If you’re looking for a great vacation destination to kick off summer, travel to Toronto in late May. It’s a particularly nice time to visit Canada, which celebrates its 150th anniversary this year. The country-wide celebrations are collectively dubbed Canada150.
Toronto is in the forefront of special year-long celebrations about the country’s heritage.
You can see them in full glory in May, with special events before the hordes of summer descend. This trip is especially good for families and history buffs, with something for everyone.
Here’s a basket of Toronto events and must-sees.
The CN Tower
For an aerial view of Toronto and the lake, nothing beats the CN Tower, which can be seen all over the city. Visitors can take elevators to its observation decks. There are four: the Glass Floor room (at 1,122 feet), the LookOut Level (at 1,136 feet), and, for dinner, the revolving 360 The Restaurant (at 1,150 feet). (The entire tower is 1,815 feet.)
Doors Open Toronto
The 18th Annual Doors Open Toronto occurs on the weekend of May 28 and 29. Doors Open Toronto is a celebration of historic architecture, with more than 150 historically significant buildings open to the public. This is one of the few chances to see many of the buildings, which are ordinarily not ordinarily open to public view.
The theme this year, in keeping with the 150th anniversary celebration, is Fifteen Decades of Canadian Architecture. Doors Open Toronto will have available buildings from each decade since the 1860s, as well as buildings in the era before the 1860s.
The Distillery District
Many of the buildings are in Toronto’s beloved Distillery District, which is a wonderful historic area, with cobblestone streets and lovely architecture. Founded in the 1830s as an area where whiskey and other spirits were distilled, it is now alive with spirits of another sort — the creative ones, as it is home to some of the largest festivals in Toronto.
Wandering around the cobblestone streets you will pass numerous restaurants and pubs. It’s great for sight-seeing and grabbing a bite al fresco.
The Toronto Islands
Once you’ve seen the islands from the CN Tower, take some time to get on the ferry and enjoy them as well. They’re a nice break from the urban vibrancy of Toronto itself. There are three islands, Centre, Ward's and Algonquin, which are all connected.

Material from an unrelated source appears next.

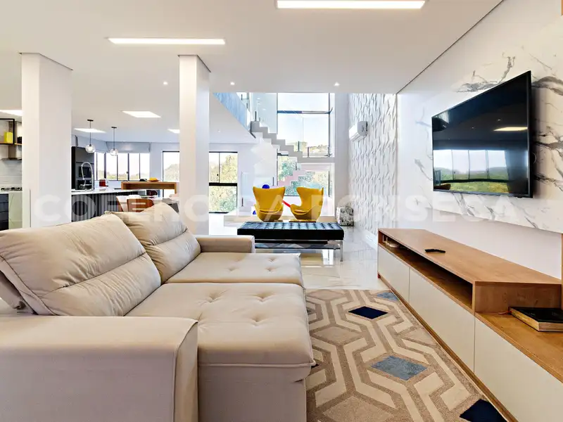 Tenha o privilégio de viver em uma Casa de Alto Padrão, localizada em um Condomínio com excelente custo benefício e infraestrutura completa. Esse imóvel oferece uma vista permanente para a mata preservada, com um lote em declive considerado o melhor do condomínio. A casa é repleta de iluminação natural, graças às amplas janelas que proporcionam um ambiente arejado e acolhedor. Com detalhes de qualidade, como porcelanatos de 1ª linha e pé direito duplo com mais de 6m, a residência exibe elegância e sofisticação. Além disso, conta com todos os ambientes climatizados com ar condicionado e móveis planejados de alta qualidade.

The best for visitors is Centre Island, which has beaches, an amusement park with roughly 30 rides, a boating lagoon, and a petting zoo.
The Spadina Museum: Historic House & Gardens
Many of the museums and historic sites in the city are putting on special finery for the Canada150, in a celebration called “To Canada with Love.” None are more worth seeing than this elegant home, once a private residence and donated to the city. The Spadina Museum represents the 1920s and 1930s, a pivotal time in Toronto’s history — it transitioned into the vibrant city known today during those decades. Themed tours happen every weekend.
The Gibson House Museum
If the Spadina Museum and grounds represents urban, elegant Toronto, the Gibson House represents its nineteenth-century economic and political history. It was built by a Scottish emigrant who was one of the early land surveyors of the city. The architecture is Georgian, allowing visitors to step back in time and better understand the history of emigration from the British isles. The grounds are elegant and spacious; Gibson House is in beautiful Gibson Park.
The Hockey Hall of Fame and Museum
Ok, no visit to Canada — especially one celebrating its history and culture — would be complete without a nod to hockey. This is a centrally located museum with a whopping 65,000 square feet devoted to hockey history and memorabilia. It includes the original Stanley Cup and a great deal more celebrating Canada’s national pastime.